**Action item:** Output only the lines below from the one containing "會議由市公安局黨委副書記、副" to the one containing "Design eetkamerstoel set", exactly as written, both ends kept.

**Provided information:**
* * * *

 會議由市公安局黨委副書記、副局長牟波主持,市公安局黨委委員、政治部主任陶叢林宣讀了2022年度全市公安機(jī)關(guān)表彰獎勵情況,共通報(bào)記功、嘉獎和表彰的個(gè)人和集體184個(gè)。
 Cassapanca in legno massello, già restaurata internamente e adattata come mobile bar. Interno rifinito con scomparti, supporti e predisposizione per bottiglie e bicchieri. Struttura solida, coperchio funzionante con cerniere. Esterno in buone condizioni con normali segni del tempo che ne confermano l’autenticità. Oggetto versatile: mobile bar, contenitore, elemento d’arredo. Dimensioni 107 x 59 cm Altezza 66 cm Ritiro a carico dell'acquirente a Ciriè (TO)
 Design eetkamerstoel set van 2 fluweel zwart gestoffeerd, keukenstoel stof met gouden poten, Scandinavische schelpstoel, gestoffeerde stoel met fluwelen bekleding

* * * *

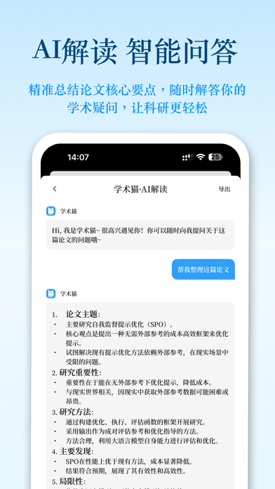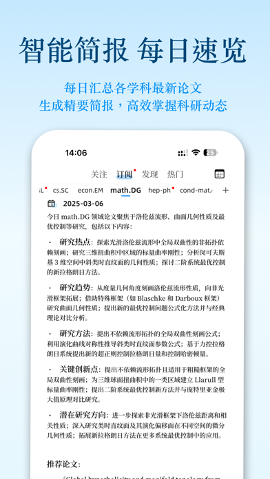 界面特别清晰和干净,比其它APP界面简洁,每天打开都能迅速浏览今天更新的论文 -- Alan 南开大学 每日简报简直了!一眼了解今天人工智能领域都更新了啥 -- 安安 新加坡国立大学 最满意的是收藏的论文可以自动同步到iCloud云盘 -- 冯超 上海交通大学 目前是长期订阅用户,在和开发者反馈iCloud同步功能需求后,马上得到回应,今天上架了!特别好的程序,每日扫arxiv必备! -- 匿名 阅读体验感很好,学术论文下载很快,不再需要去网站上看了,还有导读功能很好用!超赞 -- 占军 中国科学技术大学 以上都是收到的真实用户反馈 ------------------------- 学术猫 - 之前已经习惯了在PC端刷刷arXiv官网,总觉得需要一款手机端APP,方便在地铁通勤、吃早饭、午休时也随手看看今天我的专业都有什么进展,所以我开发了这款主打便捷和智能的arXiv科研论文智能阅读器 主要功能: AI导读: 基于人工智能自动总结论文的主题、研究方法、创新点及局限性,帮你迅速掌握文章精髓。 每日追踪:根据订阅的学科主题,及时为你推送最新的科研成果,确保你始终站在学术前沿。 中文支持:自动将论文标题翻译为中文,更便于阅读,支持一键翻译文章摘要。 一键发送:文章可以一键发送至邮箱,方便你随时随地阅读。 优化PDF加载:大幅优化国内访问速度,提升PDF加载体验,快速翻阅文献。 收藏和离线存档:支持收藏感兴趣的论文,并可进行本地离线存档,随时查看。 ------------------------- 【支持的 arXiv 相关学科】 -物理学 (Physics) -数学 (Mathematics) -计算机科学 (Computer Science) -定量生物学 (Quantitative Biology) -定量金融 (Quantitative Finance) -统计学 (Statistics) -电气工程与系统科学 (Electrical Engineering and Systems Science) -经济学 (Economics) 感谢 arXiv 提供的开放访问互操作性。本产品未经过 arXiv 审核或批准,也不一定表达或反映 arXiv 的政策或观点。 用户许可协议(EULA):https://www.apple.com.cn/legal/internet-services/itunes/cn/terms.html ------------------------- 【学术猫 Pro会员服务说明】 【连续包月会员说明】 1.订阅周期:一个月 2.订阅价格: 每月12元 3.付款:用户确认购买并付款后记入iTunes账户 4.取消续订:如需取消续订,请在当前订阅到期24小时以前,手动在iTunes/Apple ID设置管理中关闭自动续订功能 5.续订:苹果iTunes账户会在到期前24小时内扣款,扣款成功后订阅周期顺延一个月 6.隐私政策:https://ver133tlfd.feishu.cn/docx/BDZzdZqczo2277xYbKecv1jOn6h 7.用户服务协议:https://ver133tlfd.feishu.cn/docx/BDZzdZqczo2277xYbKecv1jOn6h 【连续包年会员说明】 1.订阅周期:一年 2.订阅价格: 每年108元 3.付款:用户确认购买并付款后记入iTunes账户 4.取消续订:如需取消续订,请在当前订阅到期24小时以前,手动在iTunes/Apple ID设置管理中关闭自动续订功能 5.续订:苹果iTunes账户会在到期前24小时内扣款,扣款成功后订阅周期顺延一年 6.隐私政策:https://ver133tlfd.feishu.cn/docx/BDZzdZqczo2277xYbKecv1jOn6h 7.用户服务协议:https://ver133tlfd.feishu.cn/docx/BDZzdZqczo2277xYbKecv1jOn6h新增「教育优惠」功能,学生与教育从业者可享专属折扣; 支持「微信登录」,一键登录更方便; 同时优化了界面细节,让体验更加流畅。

* * * *

**Exercise output:**
 會議由市公安局黨委副書記、副局長牟波主持,市公安局黨委委員、政治部主任陶叢林宣讀了2022年度全市公安機(jī)關(guān)表彰獎勵情況,共通報(bào)記功、嘉獎和表彰的個(gè)人和集體184個(gè)。
 Cassapanca in legno massello, già restaurata internamente e adattata come mobile bar. Interno rifinito con scomparti, supporti e predisposizione per bottiglie e bicchieri. Struttura solida, coperchio funzionante con cerniere. Esterno in buone condizioni con normali segni del tempo che ne confermano l’autenticità. Oggetto versatile: mobile bar, contenitore, elemento d’arredo. Dimensioni 107 x 59 cm Altezza 66 cm Ritiro a carico dell'acquirente a Ciriè (TO)
 Design eetkamerstoel set van 2 fluweel zwart gestoffeerd, keukenstoel stof met gouden poten, Scandinavische schelpstoel, gestoffeerde stoel met fluwelen bekleding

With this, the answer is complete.